_DATASET EXCERPT:_
*** Block opens ***

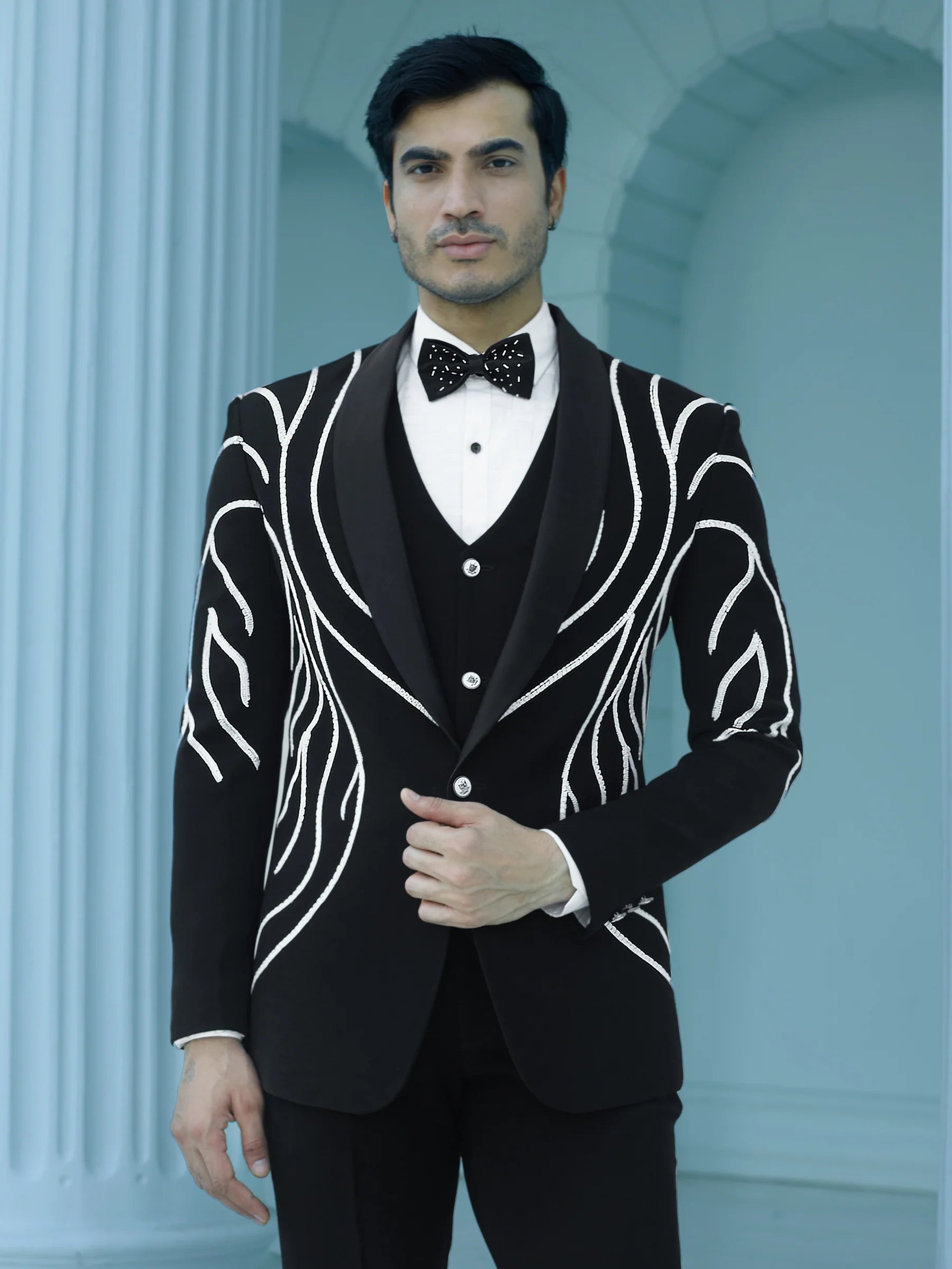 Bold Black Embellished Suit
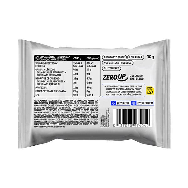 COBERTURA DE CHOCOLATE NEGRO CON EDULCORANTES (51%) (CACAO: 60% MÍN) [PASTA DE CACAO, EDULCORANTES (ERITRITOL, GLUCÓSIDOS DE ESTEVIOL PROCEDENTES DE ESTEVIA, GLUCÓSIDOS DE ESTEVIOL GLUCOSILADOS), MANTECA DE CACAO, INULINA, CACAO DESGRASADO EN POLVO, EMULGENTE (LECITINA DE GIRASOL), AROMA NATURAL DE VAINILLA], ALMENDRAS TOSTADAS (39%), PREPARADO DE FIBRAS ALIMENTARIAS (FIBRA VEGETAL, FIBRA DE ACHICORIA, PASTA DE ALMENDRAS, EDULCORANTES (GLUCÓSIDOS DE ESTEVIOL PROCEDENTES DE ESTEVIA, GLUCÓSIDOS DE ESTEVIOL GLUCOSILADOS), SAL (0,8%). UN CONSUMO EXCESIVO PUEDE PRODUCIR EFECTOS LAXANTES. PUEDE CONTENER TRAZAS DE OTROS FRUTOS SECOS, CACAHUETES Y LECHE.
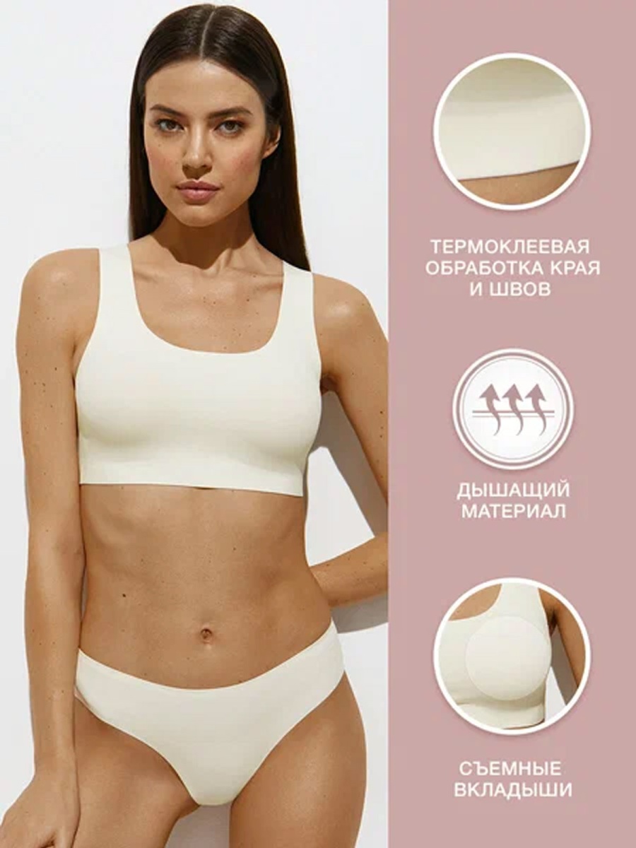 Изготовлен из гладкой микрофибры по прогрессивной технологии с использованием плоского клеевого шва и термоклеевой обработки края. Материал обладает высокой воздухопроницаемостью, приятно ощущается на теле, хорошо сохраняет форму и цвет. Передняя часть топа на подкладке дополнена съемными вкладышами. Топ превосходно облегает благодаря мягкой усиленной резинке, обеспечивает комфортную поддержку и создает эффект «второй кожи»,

*** Block closes ***

_WORK ORDER:_ Nothing but the lines from the first line of the listing above to the line containing "COBERTURA DE CHOCOLATE" should appear in the answer, each one exact and with no pictures.

_SOLVED PROBLEM:_
 Bold Black Embellished Suit
 COBERTURA DE CHOCOLATE NEGRO CON EDULCORANTES (51%) (CACAO: 60% MÍN) [PASTA DE CACAO, EDULCORANTES (ERITRITOL, GLUCÓSIDOS DE ESTEVIOL PROCEDENTES DE ESTEVIA, GLUCÓSIDOS DE ESTEVIOL GLUCOSILADOS), MANTECA DE CACAO, INULINA, CACAO DESGRASADO EN POLVO, EMULGENTE (LECITINA DE GIRASOL), AROMA NATURAL DE VAINILLA], ALMENDRAS TOSTADAS (39%), PREPARADO DE FIBRAS ALIMENTARIAS (FIBRA VEGETAL, FIBRA DE ACHICORIA, PASTA DE ALMENDRAS, EDULCORANTES (GLUCÓSIDOS DE ESTEVIOL PROCEDENTES DE ESTEVIA, GLUCÓSIDOS DE ESTEVIOL GLUCOSILADOS), SAL (0,8%). UN CONSUMO EXCESIVO PUEDE PRODUCIR EFECTOS LAXANTES. PUEDE CONTENER TRAZAS DE OTROS FRUTOS SECOS, CACAHUETES Y LECHE.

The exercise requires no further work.